The records >>

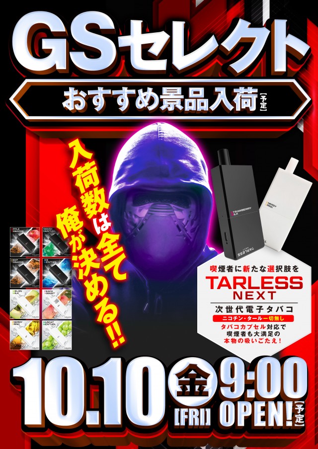 ☆10月8日(水) ☆スロパチ賞品入荷" 入場抽選8:30~
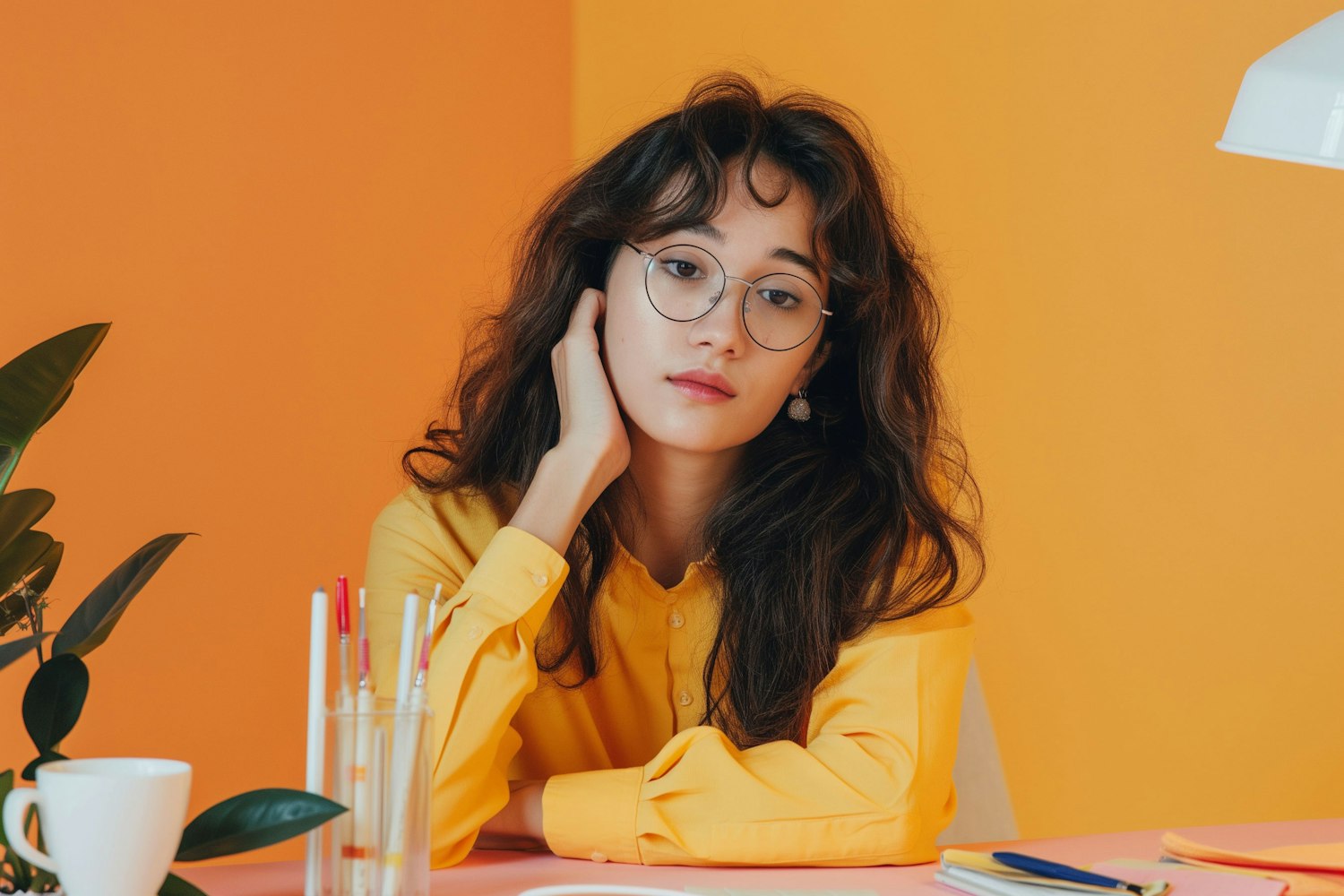 Thoughtful young woman in yellow shirt with glasses at a desk, surrounded by pens, a mug, and a plant, against an orange background.
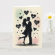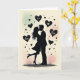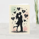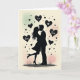 Designed with a simple silhouette look, this card shows a couple kissing in the center, drawn in solid black against a soft beige background. The woman leans into the man with her hair flowing back, one leg lifted behind her in a high heel, which makes the moment feel sweet and full of motion. The man holds her close with a steady, protective stance, keeping the focus on their closeness. Around them, small black hearts float upward in different sizes, like they’re rising into the air. Some of the hearts include the word “love” in a flowing, cursive-style black lettering, placed inside the hearts near the top of the card. Gentle washes of pale green and pink sit behind the couple, and a thin hint of grass at the bottom grounds the scene. It feels meaningful to give because it captures that quiet, can’t-help-it kind of affection 🥰❤️.
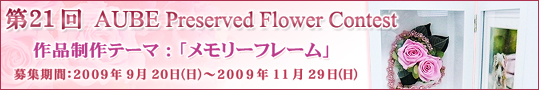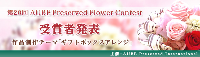 2009年6月21日(日)〜2009年9月6日(日)に行われた、第20回AUBEプリザーブドフラワーコンテスト開催から締め切りまでの間、本当に沢山のご応募を頂きました。どの作品もそれぞれとても素晴らしく審査も非常に難航しましたが、厳選なる審査の結果、最優秀賞1点、優秀賞2点が決定致しました。見事、受賞された3名の方々、真におめでとうございます。
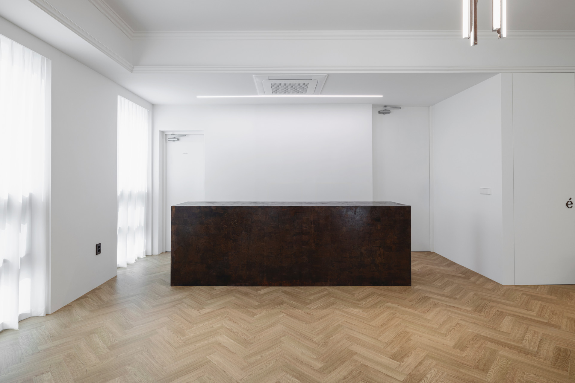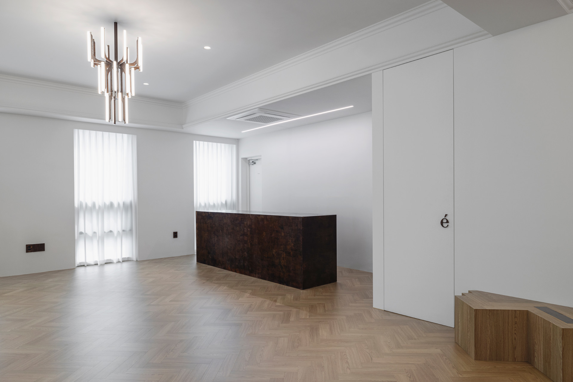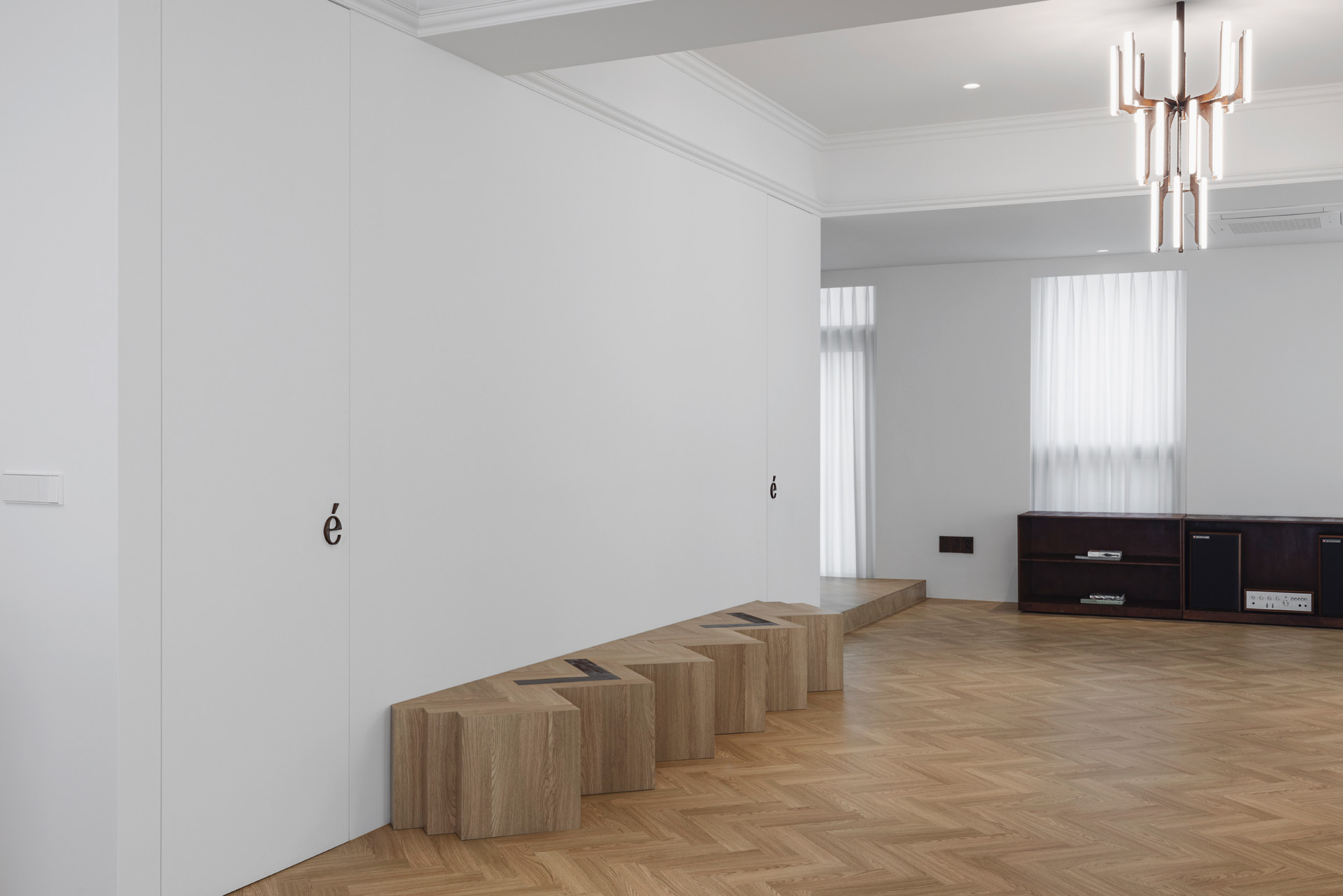 This project draws from the order and proportionality of Haussmannian architecture, which emerged from Georges-Eugène Haussmann’s urban reforms in mid- to late-19th-century Paris, and reinterprets them through a contemporary lens. Just as the Haussmannian style unifies the city through refined façades, balanced proportions, rhythmic stone moldings and balconies, and interiors featuring ornate moldings, herringbone floors, and ceiling decorations that embody European aristocratic aesthetics, this project reimagines those classical principles and decorative structures through the functional design language of modern Seoul.

About this task >> I need the lines from the line containing "Thoughtful young woman" through the final line of the listing duplicated exactly, both ends included, with no pictures and nothing else.

Output for this task >>
 Thoughtful young woman in yellow shirt with glasses at a desk, surrounded by pens, a mug, and a plant, against an orange background.
 Designed with a simple silhouette look, this card shows a couple kissing in the center, drawn in solid black against a soft beige background. The woman leans into the man with her hair flowing back, one leg lifted behind her in a high heel, which makes the moment feel sweet and full of motion. The man holds her close with a steady, protective stance, keeping the focus on their closeness. Around them, small black hearts float upward in different sizes, like they’re rising into the air. Some of the hearts include the word “love” in a flowing, cursive-style black lettering, placed inside the hearts near the top of the card. Gentle washes of pale green and pink sit behind the couple, and a thin hint of grass at the bottom grounds the scene. It feels meaningful to give because it captures that quiet, can’t-help-it kind of affection 🥰❤️.
 2009年6月21日(日)〜2009年9月6日(日)に行われた、第20回AUBEプリザーブドフラワーコンテスト開催から締め切りまでの間、本当に沢山のご応募を頂きました。どの作品もそれぞれとても素晴らしく審査も非常に難航しましたが、厳選なる審査の結果、最優秀賞1点、優秀賞2点が決定致しました。見事、受賞された3名の方々、真におめでとうございます。
 This project draws from the order and proportionality of Haussmannian architecture, which emerged from Georges-Eugène Haussmann’s urban reforms in mid- to late-19th-century Paris, and reinterprets them through a contemporary lens. Just as the Haussmannian style unifies the city through refined façades, balanced proportions, rhythmic stone moldings and balconies, and interiors featuring ornate moldings, herringbone floors, and ceiling decorations that embody European aristocratic aesthetics, this project reimagines those classical principles and decorative structures through the functional design language of modern Seoul.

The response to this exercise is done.